Dilip Kumar was part of the collective coming of age of my clutch of cousins. For us, young women living sheltered lives in a small town in northern India, he offered acceptable glamour, a brand of stardust that contrasted with the violence and sexual innuendo of the movies of our own times. The glitzy covers of film magazines such as Cine Blitz and Stardust had a different, more dangerous allure. (Which was why we read them secretly in the loo.)

Dilip Kumar was our chaste love.

A woman reacts as she sits outside the residence of Dilip Kumar in Mumbai [Niharika Kulkarni/Reuters]

For my Dadi, he offered a different kind of escape. When I think about the films she watched over and over again on her VCR, I see her battle with depression and her fear of solitude. All her choices were determinedly upbeat versions of the actor, his cheeky smile and hair windswept, hands thrust in his pockets. Much like she had seen him in the summer of 1957.

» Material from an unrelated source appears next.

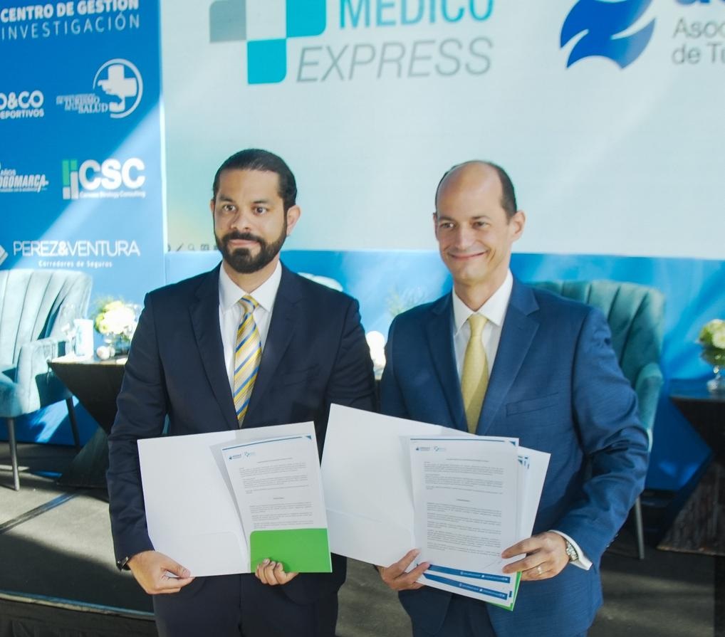 El acuerdo fue suscrito por Yerik Pérez, presidente de Adotur, y por Alejandro Cambiaso, presidente ejecutivo de Médico Express, consolidando una visión compartida orientada a elevar los estándares de seguridad, calidad y experiencia del turismo deportivo en el país.

The movies of her long-ago lunch guest were a place where my grandmother’s mind found rest and humour, that allowed her to clap her hands in delight at his shenanigans repeatedly. Everything that came after, she struggled with. When things got serious towards the end of these movies, she would tell us to switch off the tape. It was only years later that I became acquainted with the sad endings of some of these stories, and with the “Tragedy King” tag of the actor.

It took the darkness of the pandemic for me to revisit his films. Through the early months of the lockdown in India, I sought refuge from the sense of fear and suffering around me by revisiting movies seen years ago. Like my Dadi, I found myself returning to Dilip Kumar’s familiar silhouette on screen as a way to make sense of a suddenly unfamiliar world. Not all of these films have aged well. But despite his increasingly precarious health and frail figure in real life, the actor’s on-screen persona still offered for me a sanctuary, a path into a gentler world.

Perhaps this was at the heart of his enduring appeal over generations. The actor achieved greatness not just by inhabiting different characters, but by allowing his audience to glimpse themselves in his persona – by becoming one of their own. Just as he had appeared to me in the photo album where I saw him first. Among the many tributes to his kindness and grace that will appear, I offer this glimpse of the actor as a young man, who accepted an unknown gentleman’s invitation to lunch, and made him a hero for his children.